The last-minute credit report will be designed to find out whether you have obtained - or even shopped for - new debt between the date of your loan application and the closing. If you've made applications for credit of any type - for furnishings and appliances for the new house, a car, landscaping, a home equity line, a new credit card, you name it - the closing could be put on hold pending additional research by the lender.
If you've actually taken out new loans that are sizable enough to affect the debt-to-income ratio calculations used in your original mortgage approval, the whole deal could fall through. The added debt load could render you ineligible for the mortgage because you suddenly appear unable to handle the payments without a strain on your household budget.
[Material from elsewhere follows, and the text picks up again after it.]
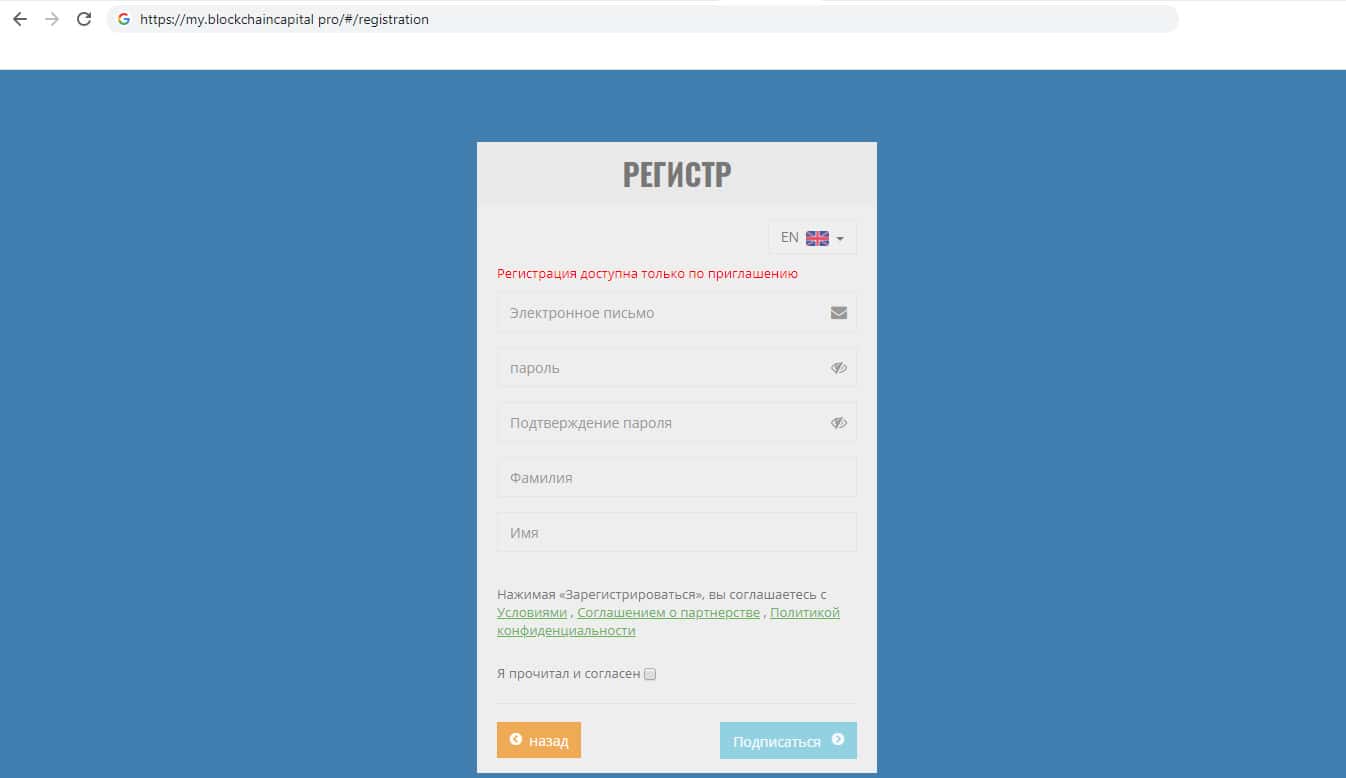 Оказалось, что обычный пользователь не сможет зарегистрироваться в компании BlockchainCapital Pro, регистрация доступна только по приглашению, которое должна предоставить компания или уже существующие клиенты компании по реферальной ссылке. Таким образом фирма придала себе солидности, что бы пользователи думали что если по приглашению. то точно не кинут, но работает это совсем наоборот.

I have had many clients tempt the credit gods and apply for furniture credit lines or get pre-approved for a Lowe's credit line for home repairs before their closing and when the mortgage company did a last minute credit check since from the start, their credit was iffy, the deal fell through. Getting your deposit money and closing costs together are hard enough, do not throw everything out of the window by having anything effect your credit. Closings usually occur in a 30-60 day period. Raising a red "credit" flag is not work losing your home over such a short period of time.
The June 1 changes are part of a new effort by mortgage giant Fannie Mae to cut down on slipshod underwriting by lenders and fraud by borrowers. Fannie's "loan quality initiative" will require lenders not only to pull two credit reports for each mortgage transaction but to perform additional verifications of borrower occupancy plans for the property, Social Security numbers and Individual Taxpayer Identification Numbers.